Synonyms:
| collectivism, | communism, | fabianism. |
Socialism, as defined by its advocates, is a theory of civil polity that aims to secure the reconstruction of society, increase of wealth, and a more equal distribution of the products of labor through the public collective ownership of land and capital (as distinguished from property), and the public collective management of all industries. Its aim is extended industrial cooperation; socialism is a purely economic term, applying to landownership and productive capital. Many socialists call themselves collectivists, and their system collectivism. Communism would divide all things, including the profits of individual labor, among members of the community; many of its advocates would abolish marriage and the family relation. Anarchism is properly an antonym of socialism, as it would destroy, by violence if necessary, all existing government and social order, leaving the future to determine what, if anything, should be raised upon their ruins.
SOUND.
Synonyms:
| noise, | note, | tone. |
Sound is the sensation produced through the organs of hearing or the physical cause of this sensation. Sound is the most comprehensive word of this group, applying to anything that is audible. Tone is sound considered as having some musical quality or as expressive of some feeling; noise is sound considered without reference to musical quality or as distinctly unmusical or discordant.
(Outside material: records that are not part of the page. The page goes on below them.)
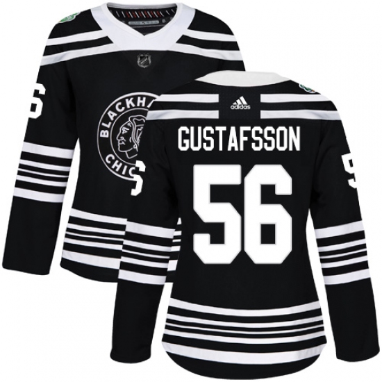 >Women's Adidas Chicago Blackhawks #56 Erik Gustafsson Authentic Black 2019 Winter Classic NHL Jersey
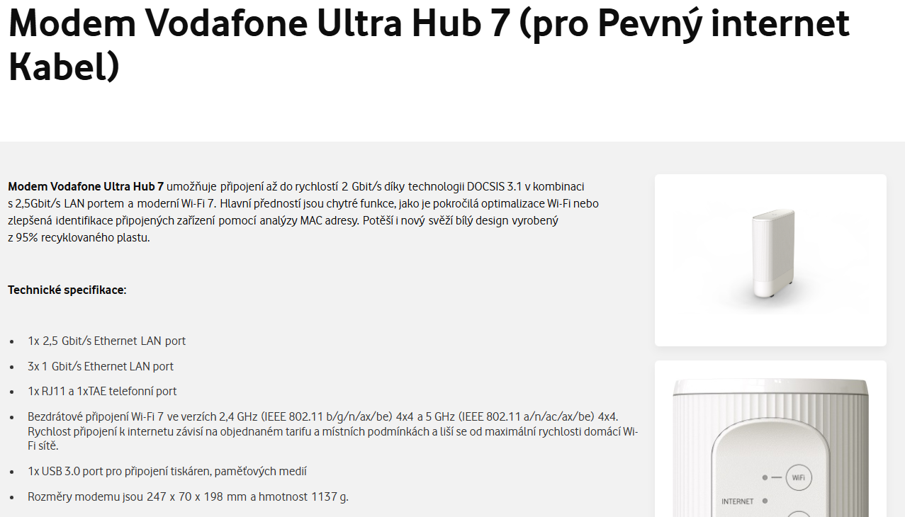 Třeba to bude zpřístupněno s FW, který povolí i změnu na bridge. No zřejmě by v tomto případě měl odpovědět někdo z Vodafone, proč na webu je uvedeno "1x USB 3.0 port pro připojení tiskáren, paměťových medií", ale pokud ano, jakým způsobem to funguje. Naštěstí jde o modem v pronájmu, tak vem čert. I když zase takový BYOD z Německa či odkud by měl jistě všechny funkce dostupné. Takhle v pronájmu se maximálně vymění za jiný model, nebo se počká, pokud budou funkce USB uvolněny v nějaké z následujících verzí FW.
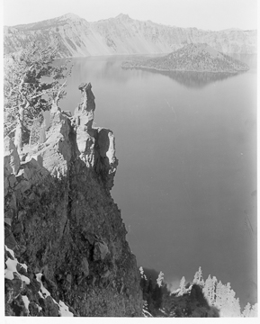 Crater Lake circa 1915, Wizard Island taken from the west rim of the caldera, showing spire and whitebark pine.
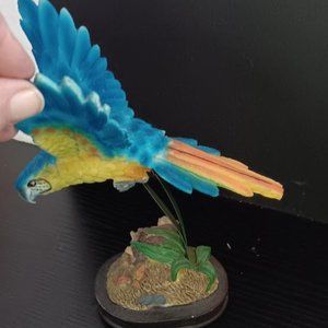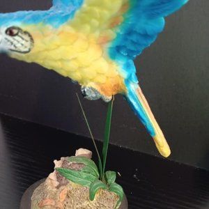 Blue Colored Bird on a Spring Like Stem. Moves back & Forth. Excellent Condition. Sits on a base. I think it is made from resin. Measures 8x5 inches. Great for any bird lover.
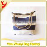 2016 Rope Decor Handing Tote Bags With Black And White Stripes
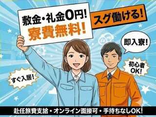 | 応募方法 | 【まずはWEBからご応募ください】 ◇スムーズな選考をお約束◇ 応募 → 面談 → 条件確認 → 入社 ・住まいが必要な方には寮のご案内も可能です。 ・不明点や不安なことも丁寧にご案内します。 ・入社日や配属先もご希望を考慮します。 【会社所在地】 〒564-0052 大阪府吹田市広芝町10-8 江坂薫友ビル209 |
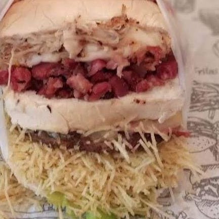 Pão, carne de boi, ovo, queijo, bacon crocante, presunto, milho, batata palha e salada fresquinha.

Thus, in the most general sense noise and sound scarcely differ, and we say almost indifferently, "I heard a sound," or "I[339] heard a noise." We speak of a fine, musical, or pleasing sound, but never thus of a noise. In music, tone may denote either a musical sound or the interval between two such sounds, but in the most careful usage the latter is now distinguished as the "interval," leaving tone to stand only for the sound. Note in music strictly denotes the character representing a sound, but in loose popular usage it denotes the sound also, and becomes practically equivalent to tone. Aside from its musical use, tone is chiefly applied to that quality of the human voice by which feeling is expressed; as, he spoke in a cheery tone; the word is similarly applied to the voices of birds and other animals, and sometimes to inanimate objects. As used of a musical instrument, tone denotes the general quality of its sounds collectively considered.